I like Chris's response...  Comparing in your head is ok, but verbalizing, not so much. If you're going to do anything, maybe bring up some things that you'd like to try (or you'd like your spouse to try) from previous relationships. But I wouldn't mention that they were things you've done in the past.

Yes, you CAN make things worse! 

C


----------



## CaliRN (Jan 2, 2010)

Nothing wrong about having a fantasy about ur ex as long as u dont act on it, we are only human lol
_Posted via Mobile Device_


----------



## greenpearl (Sep 3, 2010)

What I have now is much better than what I had before. Size is much bigger, erection is much harder, skills are much higher. 

Wa ha ha, I am happy!


----------



## SimplyAmorous (Nov 25, 2009)

I have only been with one man, so all the comparing I have is only in my head, just my imagination. Even that has run wild at times. Sometimes I wonder if it was best I have never been with another, played the sexual field just a little. When I see these types of questions though, I can see that might have made things just a little more tormenting. 

These are one of the main issues presented with the "remaining pure till marraige" crowd, to avoid these hangups- that might haunt us in future relationships. 

I too, think it would only hurt, if you brought it up to her. I am all for honesty almost 100% of the time but in this case, I really think it is best to not go there. Get her some books to help spice it up. Would this offend her? We can all use some further education to "be better in the sack". 

I loved this one Amazon.com: Passionista: The Empowered Woman's Guide to Pleasuring a Man (9780060834395): Ian Kerner: Books 

Or maybe get one you can read & explore together like this Amazon.com: Sex Is Fun!: Creative Ideas for Exciting Sex (9781583333921): Kidder Kaper: Books


----------



## Hurra (Sep 13, 2009)

She has asked me such questions in the past but I tried to avoid them or answer yes or no without giving any details. I wish I had given some more details. If she asks again, I may divulge a little more lol

Thanks for the replies.


----------



## greenpearl (Sep 3, 2010)

My husband has told me everything about what he did in his past. It is so good to know that his past sex life was boring. 

I have told my husband everything about I did in the past, he is fascinated. 

But we are different, I am just glad that my husband is so open about sex and I am the same! 

Some people will find it very bothered.


----------



## OhGeesh (Jan 5, 2010)

I think it is only normal it part of your life, your being, your experiences. Don't we think about everything we have done in our lives past relationships, fun times, sad times, youth, jobs, kids, or whatever it may be.

I'm sure I'm not the best at everything and I doubt my wife thinks she is either. I know who I'm married too, who loves me unconditionally, who sacrifices for me, and tries with all of her heart to make me happy though.
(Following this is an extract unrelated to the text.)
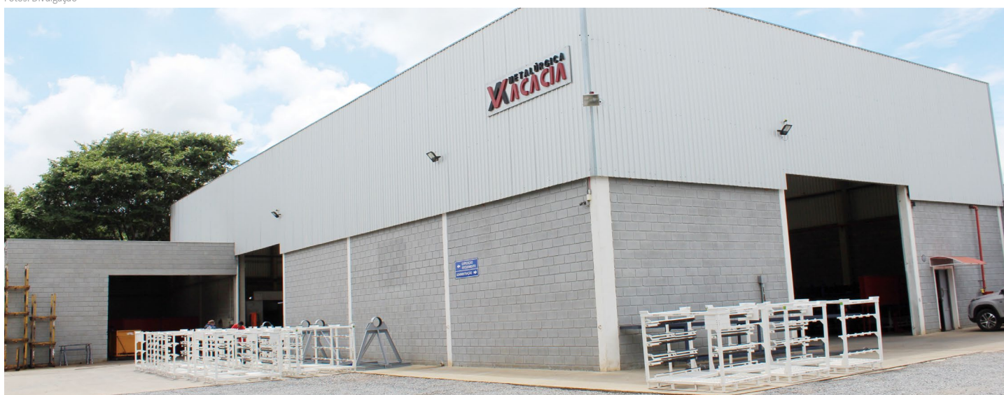
Fachada da metalúrgica Acacia

Com pouco mais de cinco anos em atividade no município, a Acacia Produtos Metalúrgicos é um exemplo de que é preciso acreditar nos sonhos e que grandes conquistas somente são alcançadas com planejamento, muito trabalho, determinação e persistência.
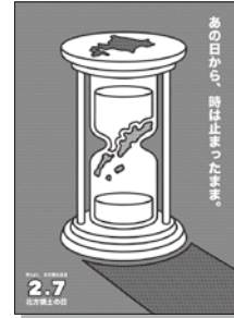
2022年度 最優秀賞(総合)

http://www.pref.hokkaido.lg.jp/sm/hrt/index.htm

Comparing in the sack is something you do when you are dating after being married for well over a decade it's just a after thought now.


----------



## Scannerguard (Jan 26, 2010)

I think a problem with comparing the past too is when you are younger. . .well, the hormones are more acutely produced (at least for men) and you can cum in like 2.4 seconds. This is not a brag (in fact, it could be a confession if you look at it one way) but I had sex 5x in one day when I was younger. I mean, there is no way I could accomplish that without chemical intervention and a lot of oysters and fasting nowadays (and I doubt even that would get me past 3x).

Honestly, nothing can compare to the sex I had when I was 23 years old - quantity and quality. . .but that isn't necessarily a reflection of the partner - oh she was so great and you are, well, okay.

You both can get so dorked up at that point in your life when it comes to sex.

The past and present are always apples and oranges.


----------